- Task prompt
Your copy of the entries must be exact, and it must not include the pictures.

- Data
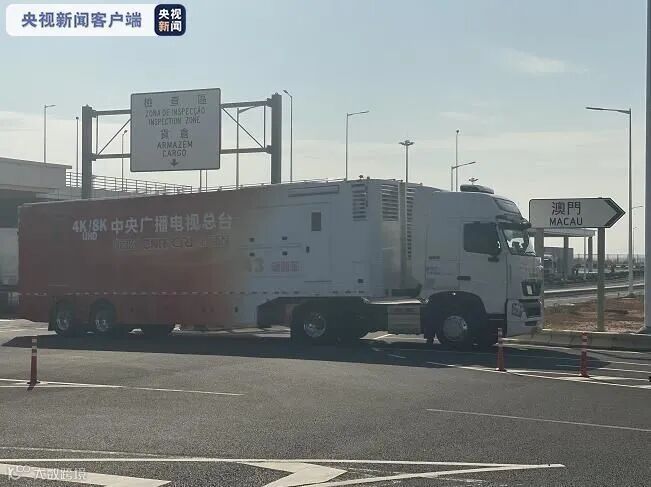 在澳门回归祖国20周年来临之际,中央广播电视总台的豪沃T7H 4K/8K转播车、卫星车、双层大巴等16辆车组成的总台转播车队,通过港珠澳大桥边检口岸,从珠海驶入澳门,经本岛、友谊大桥进入氹仔在抵达东亚体育馆后车辆又分两路前往科学馆总台演播室集群等地,在现场由“最靓的仔“组成最靓的风景线。
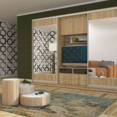 Шкаф-купе Валерия с нишей под ТВ 3000 ЛДСП/Зеркало/ЛДСП (Монорельс) ЛДСП 2 кат.
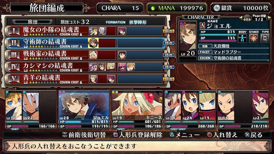 前人未到、人跡未踏。これは、こわいこわい、迷宮と魔女のお話。とある辺境の街『ルフラン市』。一度入れば二度と生きては戻れないという前人未到の『地下迷宮』がありました。ある時、一人の『魔女』がやってきて、迷宮探索に乗り出します。魔女の手には「迷宮探索唯一の生き残り」が残したと言われる一冊の書物『妖路歴程』が握られていたのでした―――。プレイヤーは “1冊の本"となり、地下迷宮の攻略へと乗り出します。引き連れるのは、“人"でも “動物"でもない、魔女が作り出した“人形兵"。物言わぬ彼等と、1冊の本からなる特異な集団“魔女ノ旅団"が迷宮に挑む時、妖しげな都を舞台に、摩訶不思議な物語が幕を開ける。本作では、“カヴン"と呼ばれる人形兵の集団を率いて迷宮探索を行います。迷宮探索には、複数のカヴンを連れて行くことができ、戦闘に参加可能な人形兵の数は最大で40人にものぼります。最大40人の人形兵が攻防を繰り広げる集団戦、それが“魔女ノ旅団"の戦い方です。人形兵はベースとなる"ファセット" (職業) を複数から選択可能です。ファセットごとに性能や得意とする戦い方が違っているので、必要とする戦力とファセットの性質を見定め、最適な人形を制作しましょう。また、キャラクターの見た目はもちろん、性別や、スキル、ステータスの成長具合等、細かな所まで設定ができます。
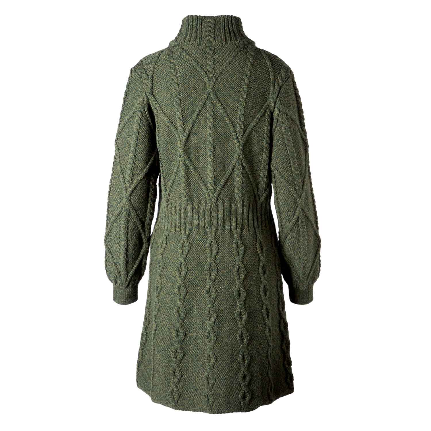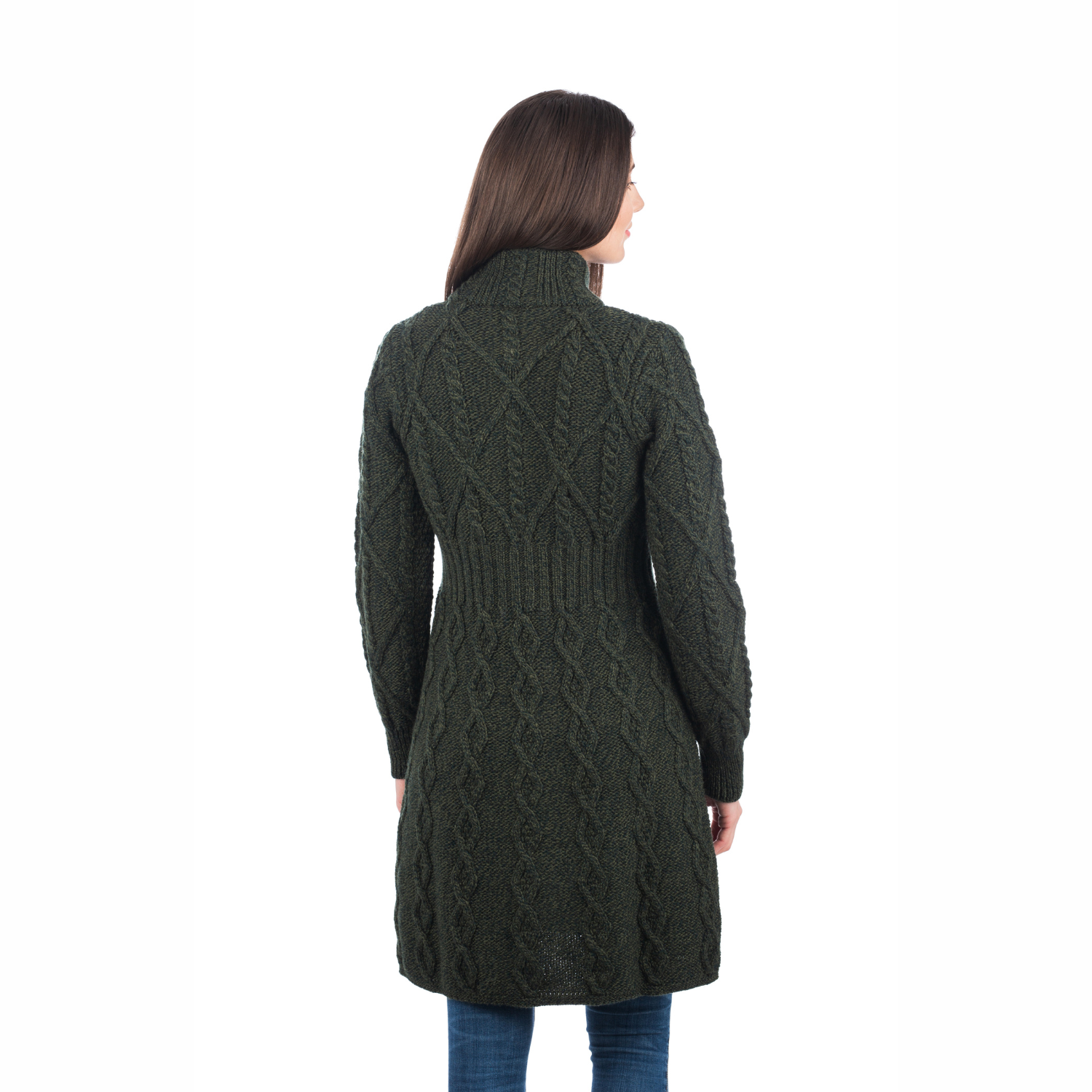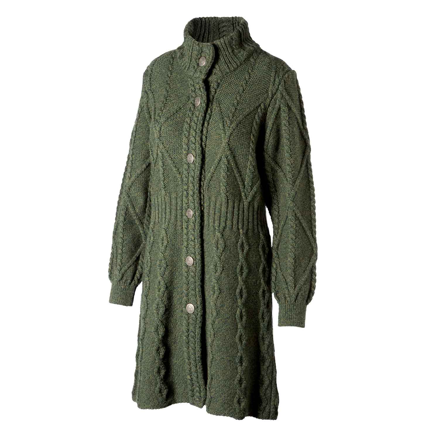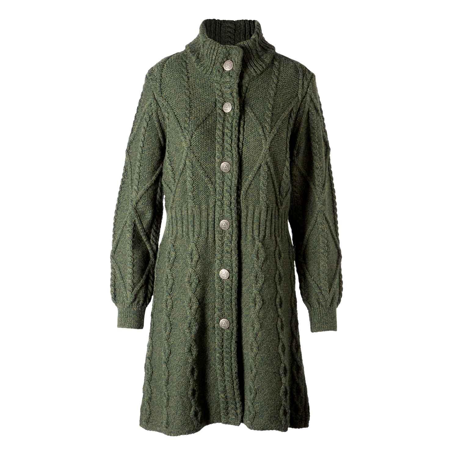 Women's Signature Aran Cable Knit Long Coat, Army Green
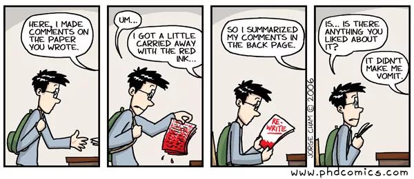 虽然 Alexander 本人并没有获得博士学位,但他具有非常棒的批判性思维。我并不认为必须和那些有很多一作论文、或者有多年论文指导经验的人交流。重要的是,我们需要和那些能针对我们的研究工作提出问题的人交流。不然的话,我们可能会变得懒惰,对自己论文中存在的错误视而不见。请尽量与别人讨论你的论文,这会给你增加很大的压力,让你不会寄希望于投机取巧。
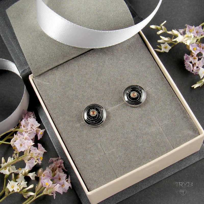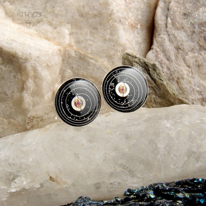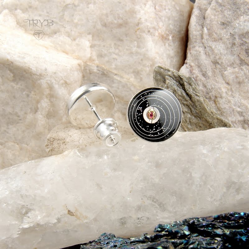 - najważniejsze materiały: srebro pr. 925 (oprawy kolczyków i zapięcia), żywica, części zegarków (kosmiczne kompozycje wewnątrz oczek)

- Response area
 在澳门回归祖国20周年来临之际,中央广播电视总台的豪沃T7H 4K/8K转播车、卫星车、双层大巴等16辆车组成的总台转播车队,通过港珠澳大桥边检口岸,从珠海驶入澳门,经本岛、友谊大桥进入氹仔在抵达东亚体育馆后车辆又分两路前往科学馆总台演播室集群等地,在现场由“最靓的仔“组成最靓的风景线。
 Шкаф-купе Валерия с нишей под ТВ 3000 ЛДСП/Зеркало/ЛДСП (Монорельс) ЛДСП 2 кат.
 前人未到、人跡未踏。これは、こわいこわい、迷宮と魔女のお話。とある辺境の街『ルフラン市』。一度入れば二度と生きては戻れないという前人未到の『地下迷宮』がありました。ある時、一人の『魔女』がやってきて、迷宮探索に乗り出します。魔女の手には「迷宮探索唯一の生き残り」が残したと言われる一冊の書物『妖路歴程』が握られていたのでした―――。プレイヤーは “1冊の本"となり、地下迷宮の攻略へと乗り出します。引き連れるのは、“人"でも “動物"でもない、魔女が作り出した“人形兵"。物言わぬ彼等と、1冊の本からなる特異な集団“魔女ノ旅団"が迷宮に挑む時、妖しげな都を舞台に、摩訶不思議な物語が幕を開ける。本作では、“カヴン"と呼ばれる人形兵の集団を率いて迷宮探索を行います。迷宮探索には、複数のカヴンを連れて行くことができ、戦闘に参加可能な人形兵の数は最大で40人にものぼります。最大40人の人形兵が攻防を繰り広げる集団戦、それが“魔女ノ旅団"の戦い方です。人形兵はベースとなる"ファセット" (職業) を複数から選択可能です。ファセットごとに性能や得意とする戦い方が違っているので、必要とする戦力とファセットの性質を見定め、最適な人形を制作しましょう。また、キャラクターの見た目はもちろん、性別や、スキル、ステータスの成長具合等、細かな所まで設定ができます。
 Women's Signature Aran Cable Knit Long Coat, Army Green
 虽然 Alexander 本人并没有获得博士学位,但他具有非常棒的批判性思维。我并不认为必须和那些有很多一作论文、或者有多年论文指导经验的人交流。重要的是,我们需要和那些能针对我们的研究工作提出问题的人交流。不然的话,我们可能会变得懒惰,对自己论文中存在的错误视而不见。请尽量与别人讨论你的论文,这会给你增加很大的压力,让你不会寄希望于投机取巧。
 - najważniejsze materiały: srebro pr. 925 (oprawy kolczyków i zapięcia), żywica, części zegarków (kosmiczne kompozycje wewnątrz oczek)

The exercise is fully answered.